Explanations of Different Types of Correlations

Literature correlations are calculated using the Semantic Gene Organizer (SGO). The SGO software uses a concept-based vector space model called latent semantic indexing (LSI) to automatically extract gene-gene relations from titles and abstracts in MEDLINE citations (Homayouni et al. 2005).

These LSI literature correlations are all positive and range from 0 to 1. They were initially computed in 2005 and 2007 by Dr. Ramin Homayouni and colleagues and entered into GeneNetwork by Nick Furlotte. All values were updated late 2016 by Ramin Homayouni and Sujoy Roy (University of Memphis) using the complete 2016 PubMed collection for mouse genes and abstracts. Although computed using mouse data, the literature correlation feature also works well for human and rat expression data sets.
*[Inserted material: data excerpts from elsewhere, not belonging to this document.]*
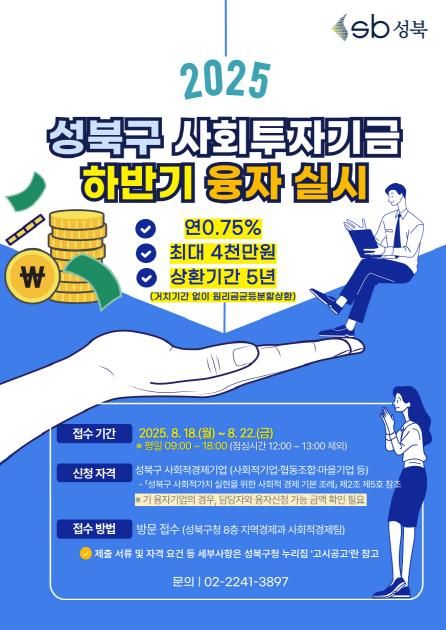 하반기 융자 신청은 오는 8월 18일부터 22일까지 5일간 진행된다. 신청을 원하는 기업은 성북구청 누리집 고시공고란을 참고해 기간 내 성북구청 8층 지역경제과에 방문 접수하면 된다. 이후 서류심사, 현장실사, 위원회 심사 등 3단계 절차를 거쳐 선정 여부와 지원 금액이 결정된다.
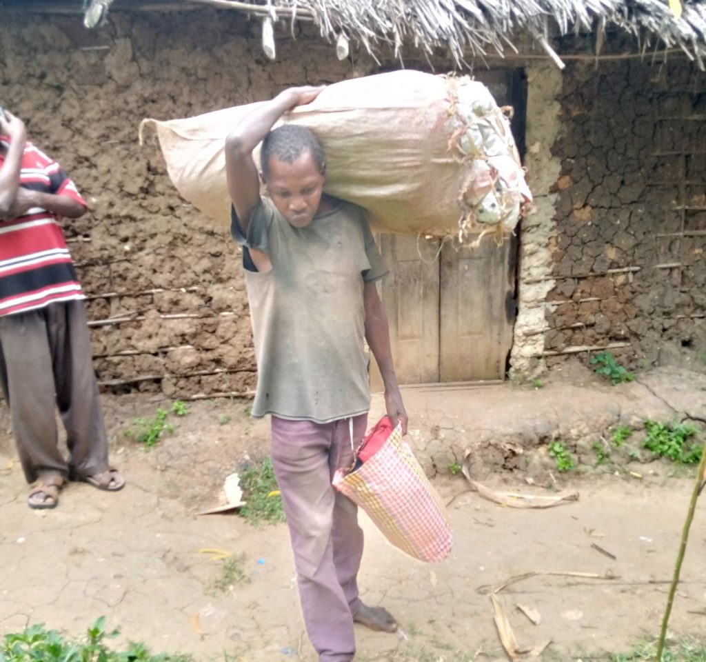 Mmoja wa kijana aliyekamatwa akituhumiwa kuwa mtumiaji maarufu wa pombe haramu aina ya gongo ,Abdulrazak Ismail akilazika kuhama katika kijiji hicho baada ya jamii kukosa imani naye wakidai amekuwa ni chanzo cha uvunjifu wa maadili.
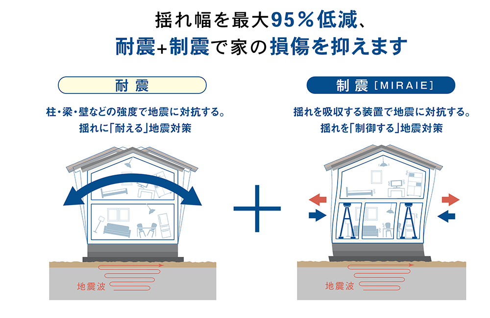 何気ない毎日を家族と楽しく快適に過ごしながら、もしもの災害にもしっかりとした備えを。大規模な地震への備えとして、耐震等級2を取得しました。また、地震の揺れを低減し、家の損傷を低減させる住宅用の制震ダンパー「MIRAIE」を採用しています。「MIRAIE」は、本震だけでなく、繰り返し来る余震にも効果を発揮します。耐震性能+制震性能で、家族の安全を守り、安心して過ごせるお家です。
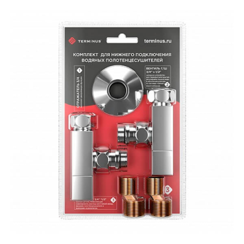 /Комплект: квадратный вентиль угловой 3/4x1/2 эксцентрик отражатель Терминус
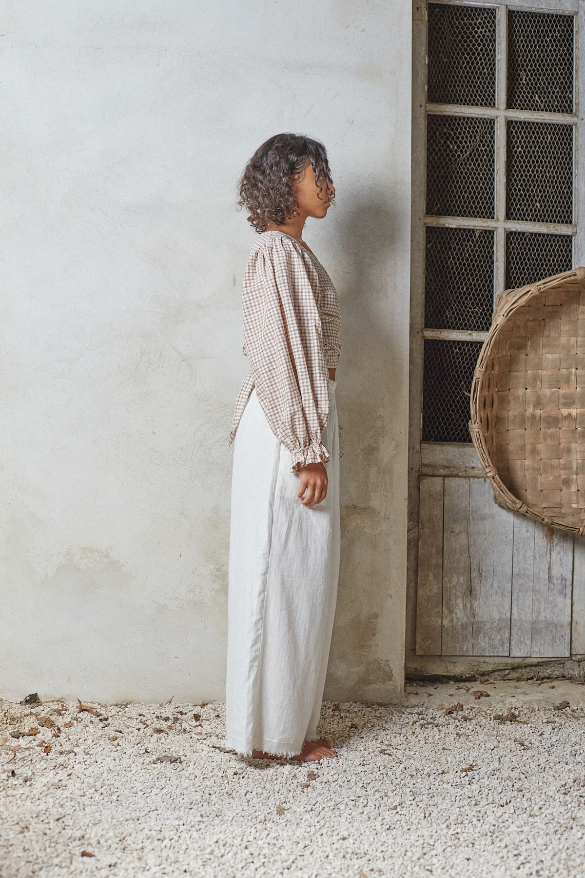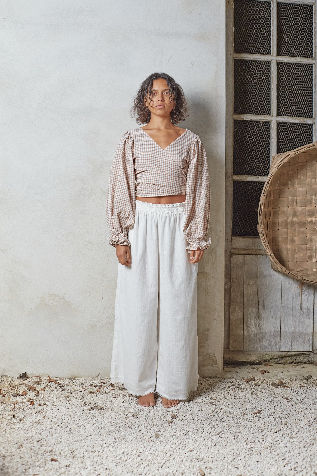 A charming blend of simplicity and femininity, this wrap blouse now features wide, flowing sleeves that gather gently at the wrist. Its timeless design, with the ease of a wrap function, makes it a versatile piece that pairs beautifully with many looks. Effortlessly feminine and made for movement, it remains a favorite for its grace and comfort.

The 2016 matrix of gene-to-gene literature correlations is approximately 20k x 20k/2. This matrix was converted by Lei Yan into a MySQL table called LCorrRamin3 that is 204,980,628 rows deep and with the simple tuple: GeneId1, GeneId2, value.

Vector space modeling is a classical information retrieval technique used to identify conceptually related documents, whereby the semantic structure of a document is represented as a vector in word space and the degree of similarity between documents is calculated by the angle between document vectors. LSI improves retrieval by using a singular value decomposition (or principal component analysis) to create a subspace of concepts in which text documents are represented as vectors.

Each gene is represented as a vector in word or concept space. The cosine of the angle between the query gene vector and all other gene vectors is used to rank related genes. The distribution of cosine values ranges between 1 and -1, where a value of 1 denotes the highest similarity.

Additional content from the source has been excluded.